Едва только начало разсветать, как Педро разбудил Дон-Кихота и спросил его, действительно ли намерен он присутствовать при похоронах Хризостома и не желает ли отправиться вместе с ним и его товарищами.

Рыцарь поспешил ответить утвердительно, растолкал Санчо и приказал ему оседлать Россинанта и приготовить своего осла.

Закусив на скорую руку, вся компания ринулась в путь. Стеречь стадо остался только один старик с распухшею от занозы ногой.

Через несколько времени Дон-Кихот, ехавший впереди, увидал на перекрестке дороги с полдюжины пастухов, одетых в плащи из черных козлиных шкур и имевших на голове венки, сплетенные из лавровых и кипарисных ветвей. За этими пастухами следовали верхом два прекрасно одетых господина, сопровождаемые тремя служителями.

Встречные партии вежливо раскланялись между собой и, узнав, что у них одна цель, продолжали дорогу вместе.

- Сенор Вивальдо,-- сказал один из господ другому,-- нам, кажется, нечего жалеть, что эта церемония позадержит нас. Прислушайтесь, какие удивительные вещи рассказывают пастухи о погибшем студенте и о жестокой красавице, сведшей его в преждевременную могилу.

- Я вовсе не думаю жалеть о потере времени и очень доволен, что случай неблагоприятствовал мне отдать последний долг бедной жертве любви,-- ответил Вивальдо.

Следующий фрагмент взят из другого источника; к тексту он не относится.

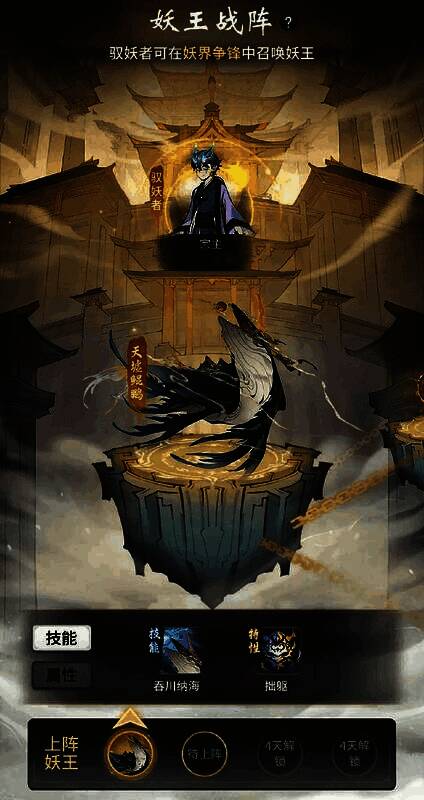 上面封印的妖王,会作为宗门战阵,宗主安排驭妖者和上阵妖王后,驭妖者便可在争锋战场中召唤出妖王,发挥对应技能,如鲲鹏的“吞川纳海”可提高积分获取等。

Дон-Кихот спросил у этих сеноров, что они знают о Хризостоме и Марселле. Те ответили, что пока еще очень мало. Они встретили печальное шествие пастухов, осведомились о причине его и услышали в ответ интересную историю о прекрасной Марселле с каменным сердцем, о страданиях её многочисленных поклонников и о смерти одного из них, бывшого саламанского студента Хризостома, которого сегодня хоронят. Заинтересовавшись этим, они и последовали за шествием, хотя путь их и лежит совершенно в другую сторону.

В свою очередь сенор Вивальдо спросил Дон-Кихота, что заставляет его путешествовать вооруженным с головы до ног в мирное время и в стране, где ничего не слышно о разбоях и тому подобных насилиях.

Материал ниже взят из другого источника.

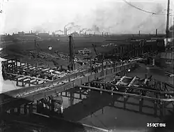 In 1866 Earle's Cement acquired the cement works on the near the river bank and land south of the Victoria Dock Branch Line; the works was connected by rail sidings to the dock branch.[map 5] Production was around 3000t pa of Roman cement in 1870. From 1875 bottle kilns were constructed for the production of Portland cement, with a capacity of 38t per week by around 1882. From 1888 chamber kilns were installed, with 28 in total by 1898 with a total capacity of 980t per week. The first two Rotary kilns were installed in 1906, adding a capacity of 860t per week. Further rotary kilns were added in 1912 and 1920, by which time the location of the plant was seen as non-optimal, Earle's large plant in Hope, Derbyshire being preferred.[14]
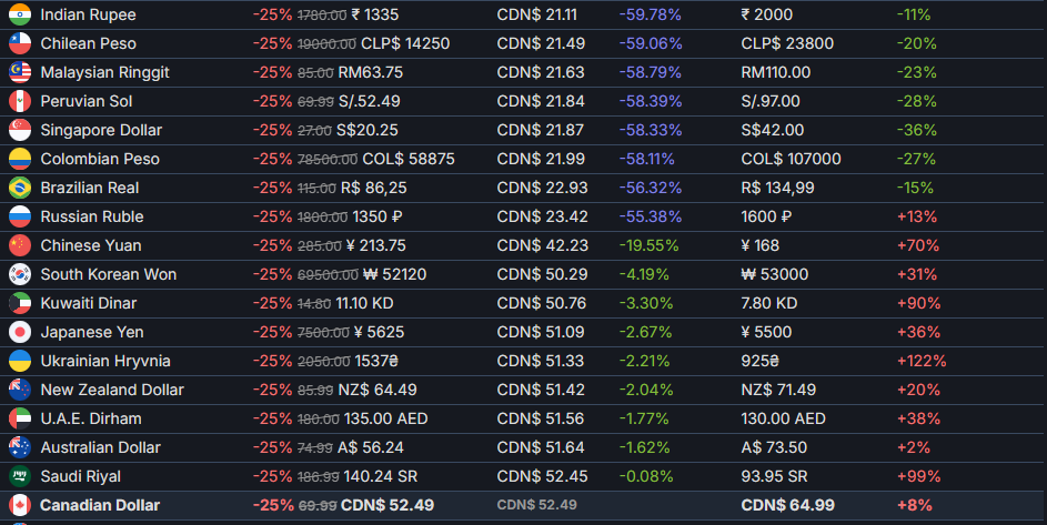 >>521385171Yeah sometime around last year or this year, even before the steam announcement, it got really cheap in South East Asia and South America both. Basically post Soviet-tier prices (which hohols are now excluded from, it seems kek).
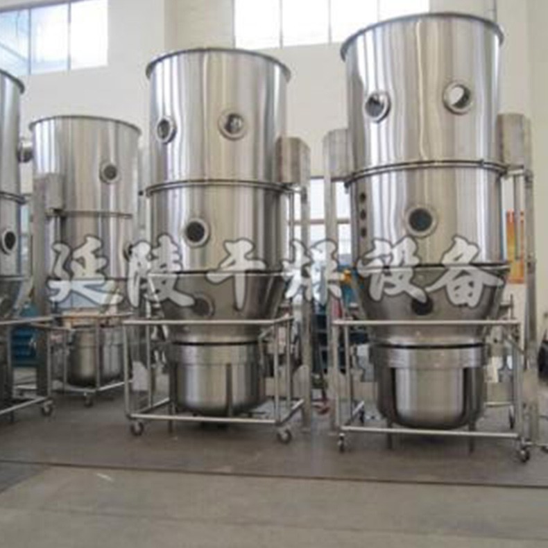 物料粉末粒子,在原料容器(流化床)中呈沸腾流化状态,受到经过净化后的加热空气预热和混合,将粘合剂溶液雾化喷入,使若干粒子聚集成含有粘合剂的团粒,由于热空气对物料的不断干燥,使团粒中水份蒸发,粘合剂凝固,此过程不断重复进行,形成理想的、均匀的多微孔球状颗粒。

- Мое звание и данный мною обет вынуждают меня быт всегда в полном вооружении,-- ответил рыцарь.-- Праздность, роскошь и изнеженный образ жизни - дело придворных; а жизнь, полная труда, лишений, опасностей, проводимая в полном вооружении на коне, почти без отдыха - удел странствующих рыцарей, к которым имею счастье принадлежать и я, хотя и в качестве самого недостойного из их доблестной среды.

Это объяснение навело сеноров на мысль, что они имеют дело с сумасшедшим. Желая окончательно убедиться в этом, а кстати и познакомиться с новым любопытным родом помешательства, Вивальдо спросил:

- Позвольте узнать, что же собственно значит странствующий рыцарь?

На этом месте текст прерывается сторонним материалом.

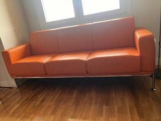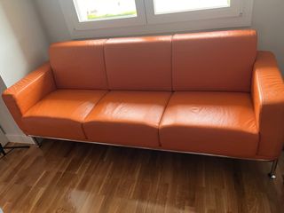 Sofá de tres plazas con un diseño moderno y elegante. - Tapicería de piel. - Estructura metálica. - Color naranja vibrante.
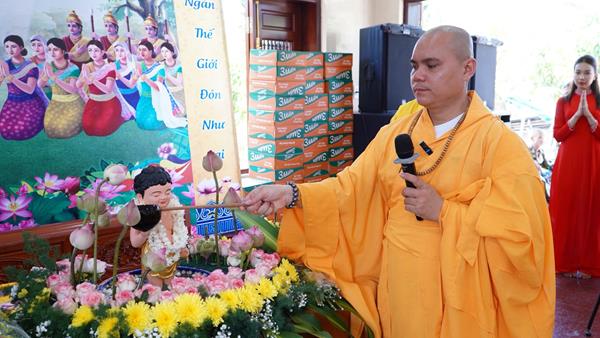Trước khi trao quà, ĐĐ. Thích Huệ Đạo đã cử hành nghi thức Tắm Phật và có lời chúc sức khoẻ và an lành đến với quý bà con nhân mùa Phật đản 2024. Rất mong những phần quà này sẽ là nguồn động viên tích cực giúp bà con vượt qua khó khăn giai đoạn ngập mặn này.
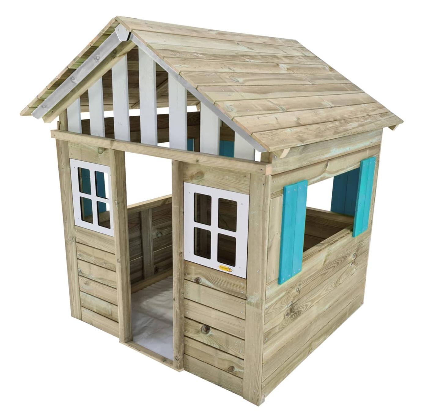 El perfil del tejado y los laterales de las ventanas cuentan con detalles en color azul. La casita está homologada para uso público, por lo que no tiene puerta ni otros elementos móviles.

- Сенор,-- ответил Дон-Кихот,-- вы, вероятно, знакомы с английскими летописями. В них много говорится о некоем Артуре - том самом Артуре, которого мы, кастильцы, называем Артусом - и, между прочим, приводится старинное, распространенное во всей Англии предание, что будто он вовсе не умер, а только был превращен одним волшебником в ворона,-- вот почему ни один англичанин и не убивает этой птицы,-- и что настанет день, когда Артур снова примет свой прежний вид и возьмет назад свой скипетр и корону. Во времена этого славного короля был основан орден рыцарей "Круглого Стола", и тогда же разыгралась знаменитая любовная история Ланселота и королевы Жениевры, поверенной которой была дуэнья Кинтаньона, тоже получившая историческую известность. Любовь эта воспета, между прочим, и в народном романсе, начинающемся со следующих слов:

"Какого рыцаря красотки любили так, как Ланселота?"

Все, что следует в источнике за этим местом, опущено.